Anna Weinstein on Her LES Center Residency Experiences

March 30, 2020

There’s a meme going around, a joke about discovering that your typical daily lifestyle is actually called “quarantine.” I imagine a lot of writers relate to this. We writers tend to work best in isolation.

Sure, there are times when I appreciate seeing people bustling around me as I write, headphones in my ears, life unfolding in real time as I create my own version of reality on the page.

But for the most part, I write in solitude.

When I’m at home, this happens in the early hours of the day, when it’s still dark outside, before the boys wake up and the house fills with sound. For years I used to go to Miami to find the space to write. I would fly down, lock myself in a hotel room, and emerge four days later with a rough draft of a script.

After a while, though, that started to feel like a silly waste of travel time, so I began going to the Marriot Suites in Midtown Atlanta.

And then last summer, I discovered the Lillian E. Smith Center…

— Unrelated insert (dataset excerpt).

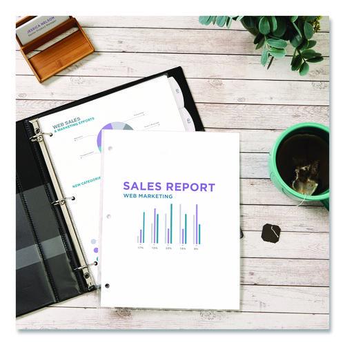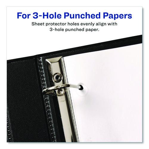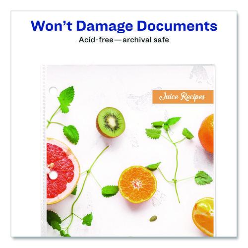 Protect your papers without obstructing your tab dividers. These Page Size Sheet Protectors offer sturdy protection of your three-hole punched pages without an extended binding edge that makes tabs hard to find. Durable material withstands the rigors of use in a three-ring binder while allowing you to view your pages with diamond clarity. The acid-free and archival-safe material keeps your pages in top condition and won't lift print from papers. With these sheet protectors, your pages will have the lasting protection they need.

Five separate times in the past year, I’ve gone to work at the same cabin at the Lillian E. Smith Center in North Georgia. I typically stay for five days at a stretch in Wiggie. I write in the bed, sometimes at the desk, sometimes in the comfy chair by the fireplace, sometimes on the deck. But mostly, in the bed. It’s a tiny cabin, one room with a kitchen area, a sitting area, and a bathroom. There are always fresh flowers on the table when I arrive. The room is clean, wood paneled walls, the same familiar green sheets on the bed. It feels like home to me. The TV is about 100 years old (I’ve never turned it on), and there’s barely even enough room to pace around. (Although one time I got 20,000 steps from walking in small circles around the inside of the cabin!

Tiny, old-fashioned, nothing fancy. But it’s like heaven to me. I crave going. I miss it when I’m not there. I do amazing work there. My brain is open, and my fingers move fast. I’ve even gotten a little superstitious about it. Like I fear I must be there in order to write well.

I was supposed to head up to the mountains recently but decided not to travel during this time of self-quarantine. My husband said I should go anyway. I would never even need to leave the cabin! Just one stop on the way there to gas up the car…

I plan on returning soon. I have work to do. So much work, and I know just how to do that work at the cabin.

Thank you, Dear Lillian, for providing me the space to work in peace. I love your space.